За это он ее и любил — она не замолчит ни на мгновение...
— ...Ты полагаешь, мы такие дураки, Дафан? — только Лаедан и Цовев сохраняли спокойствие. Да и Баал-Ханан вел себя как-то слишком умиротворенно, будто не с его шеи стекала струйка крови. — Воробей рассказал нам о своих подозрениях, но доказательств у нас не было. Теперь они есть. Мы тщательно подготовились к этой встрече. Надеюсь, ты заметил среди нас Каскавелу. Тебе не интересно узнать, где сейчас его эйм?
Дафан судорожно сглотнул, неверяще глядя на Крыса.
— Твоя жена, кажется, беременна, Еж? — спросил Цовев.
— Не смейте ее трогать, — процедил Дафан.
— Не тронем, — заверил Лаедан, — если ты отпустишь Баал-Ханана и отдашь себя на наш суд. Я обещаю, что мы позаботимся о твоей вдове. Твой сын никогда не узнает, почему ты погиб, на нем не будет пятна сына предателя. Если же не согласишься, ты убьешь многих, но вряд ли выберешься сам. Уренчи умрет раньше, чем любой из нас. Это я тебе обещаю.
Раз — мешком оседает на пол Воробей с перерезанным горлом. Уренчи на кухне, она готовит обед. Два — он прыгает на стол и достает Лаедана. Каскавела выползает из-под стола и приближается к ногам женщины. Три — еще один прыжок, и он в шаге от Киттима. Очень близко, но его защищает Цовев. Зачем ты здесь, брат? Каскавела разевает мерзкую пасть, прицеливаясь. С Цовевом сложнее, он умеет драться, он не старик. Четыре — он убит, ударом в сердце, от которого мог бы защититься разве что баканец. Пять — удар в Киттима, в голову, сердце, куда угодно... Он тоже мертв. Но за миг до этого зубы каскавелы впиваются в тонкую белую щиколотку. И Рена падает, бьется в конвульсиях, а затем замирает. А потом удар в спину. У него не будет сына. Ни от Рены, ни от другой женщины. Никогда.
И даже если сразу броситься к Киттиму, шансов нет. Его не случайно оставили так далеко, его прикрывает Цовев и Лаедан. И нож в спину он получит гораздо раньше — Крыс хорошо швыряет кинжалы, только поэтому он хотел убрать его первым...
Он швыряет Воробья на пол и встает у окна один, выставив идану перед собой.
— Будь по-вашему, — выдавил из себя. — Со мной делайте что хотите, Рену не трогайте.

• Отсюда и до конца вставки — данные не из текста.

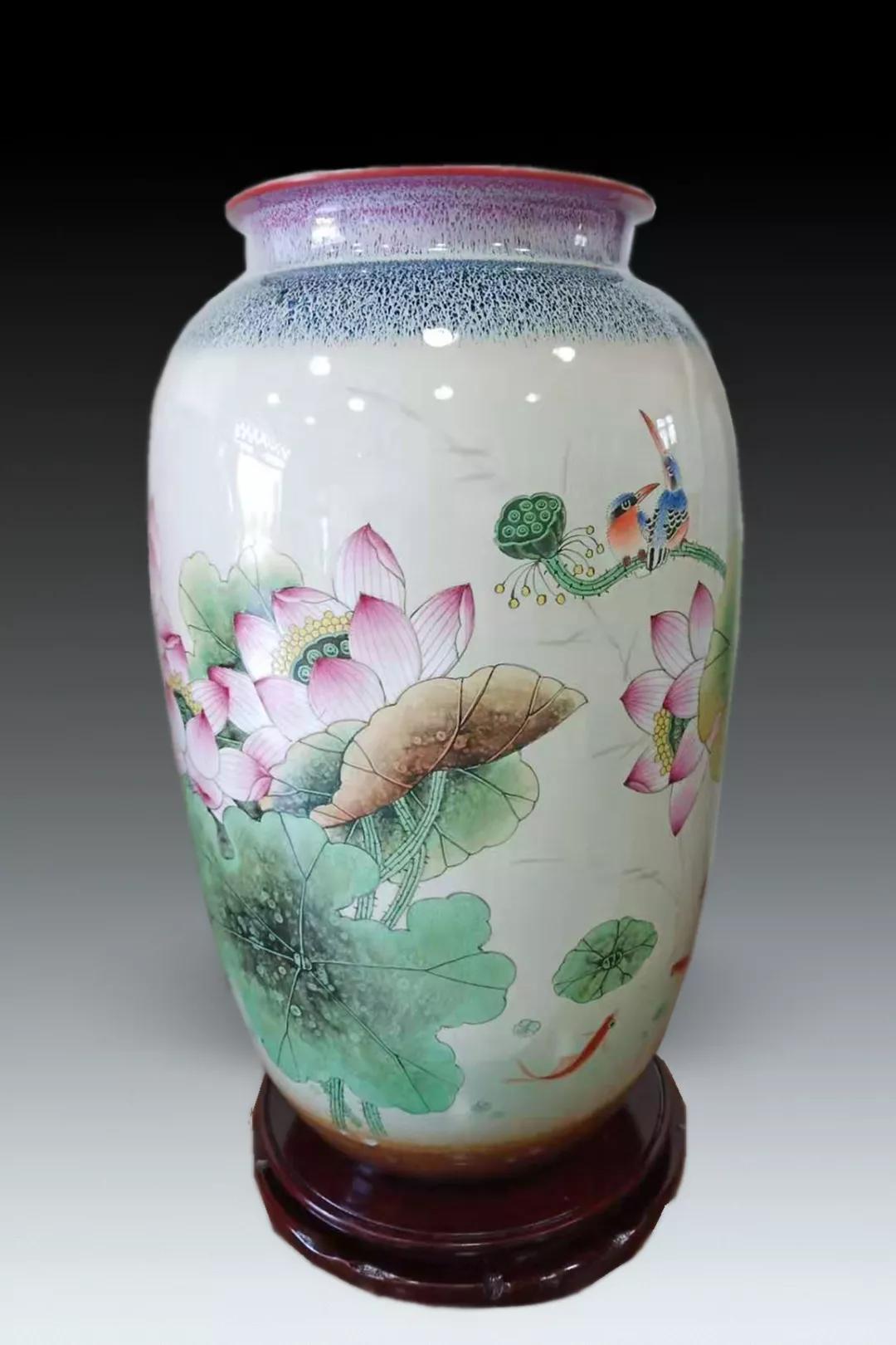 窑变颜色釉瓷画作品《和之韵》瓷瓶(高51cm口径20cm)
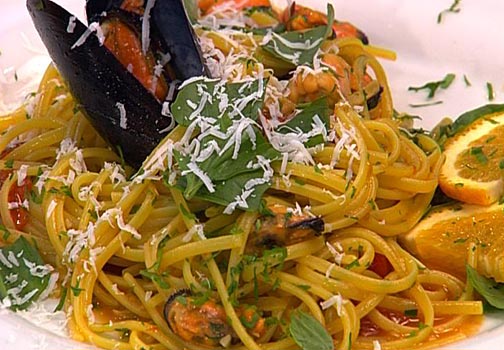 | In una padella aprire le cozze. In due diverse padelle antiaderenti sminuzzare aglio e peperoncino a soffriggere. Calare le cozze in una delle due padelle facendo attenzione all’acqua di cottura delle cozze che deve essere filtrata onde evitare i fastidiosi residui della precedente cottura. Tagliare i pomodori e farli rosolare nella seconda padella, aggiungere poi il sale. Calare la pasta. Nel frattempo aggiungere il brandy alle cozze (lontano dal fuoco). Sciogliere lo zafferano con 1 cucchiaio di acqua di cottura della pasta. Unire alle cozze l’acqua di cottura della pasta e tirare il sugo. Unire i pomodori alle cozze. Aggiungere le bucce di limone alla pasta. Scolare la pasta e mantecarla in padella coperta da un coperchio. Al termine della cottura, saltare e servire. |

Но прежде чем... Я хочу, чтобы вы знали. Все знали. Я не хотел убивать Корсака. Эль-Элион видит, я не хотел. Это вышло случайно.
— Теперь это не имеет значения, — резко возразил Лаедан. — Положи оружие, Дафан.
Цовев, обойдя стол, заботливо усаживает Баал-Ханана, прикладывает салфетку к ране на шее.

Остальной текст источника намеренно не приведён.